──────── AVAILABLE DATA ────────
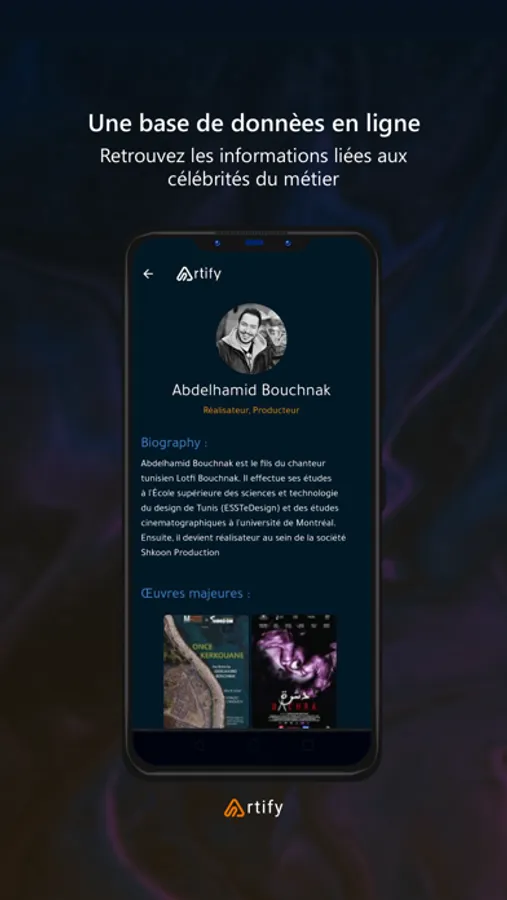 Artify est la première plateforme de streaming spécialisée dans le cinéma tunisien, opérant dans la légalité et le respect des droits d'auteur. La plateforme contient le plus grand catalogue de productions tunisiennes entre les nouveautés et les classiques à travers un large choix, disponibles en sous-titrages et en Haute-Définition.
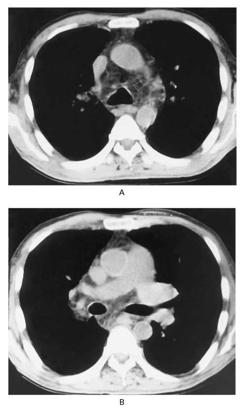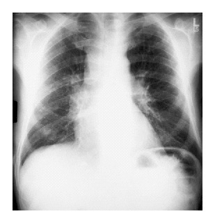 A chest x-ray (Panel A), CT scan of the chest (Panel B) and abdomen (Panel C),
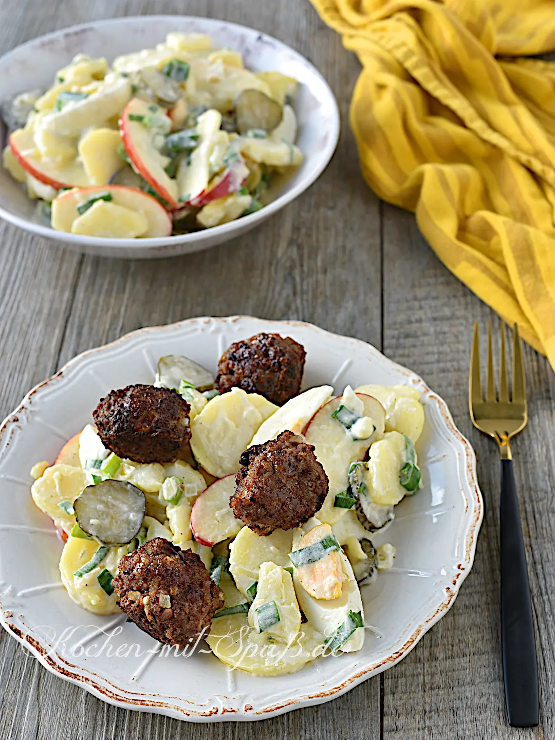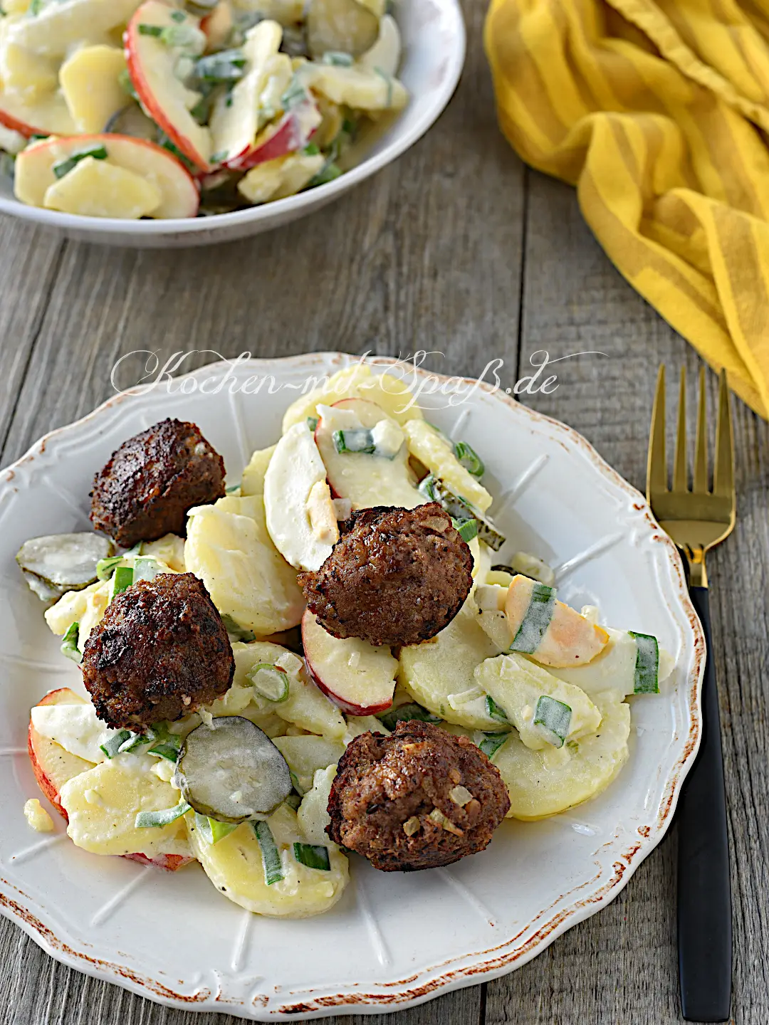 Die Zutaten machen den Salat nicht nur aromatisch, sondern auch besonders sättigend: Apfelscheiben sorgen für eine frische, leicht süß-säuerliche Note, während kleine Frikadellen daraus eine vollwertige Mahlzeit machen. Der Kartoffelsalat mit Frikadellen eignet sich perfekt als Abendessen, als Lunch fürs Büro, als leichtes Mittagessen oder für ein gemütliches Familienessen, wenn man etwas Einfaches, Leckeres und zugleich Besonderes servieren möchte.
────────
DIRECTIONS FOR THIS TASK: Please ensure that the data above is repeated exactly, with no pictures in the copy.

ANSWER:
 Artify est la première plateforme de streaming spécialisée dans le cinéma tunisien, opérant dans la légalité et le respect des droits d'auteur. La plateforme contient le plus grand catalogue de productions tunisiennes entre les nouveautés et les classiques à travers un large choix, disponibles en sous-titrages et en Haute-Définition.
 A chest x-ray (Panel A), CT scan of the chest (Panel B) and abdomen (Panel C),
 Die Zutaten machen den Salat nicht nur aromatisch, sondern auch besonders sättigend: Apfelscheiben sorgen für eine frische, leicht süß-säuerliche Note, während kleine Frikadellen daraus eine vollwertige Mahlzeit machen. Der Kartoffelsalat mit Frikadellen eignet sich perfekt als Abendessen, als Lunch fürs Büro, als leichtes Mittagessen oder für ein gemütliches Familienessen, wenn man etwas Einfaches, Leckeres und zugleich Besonderes servieren möchte.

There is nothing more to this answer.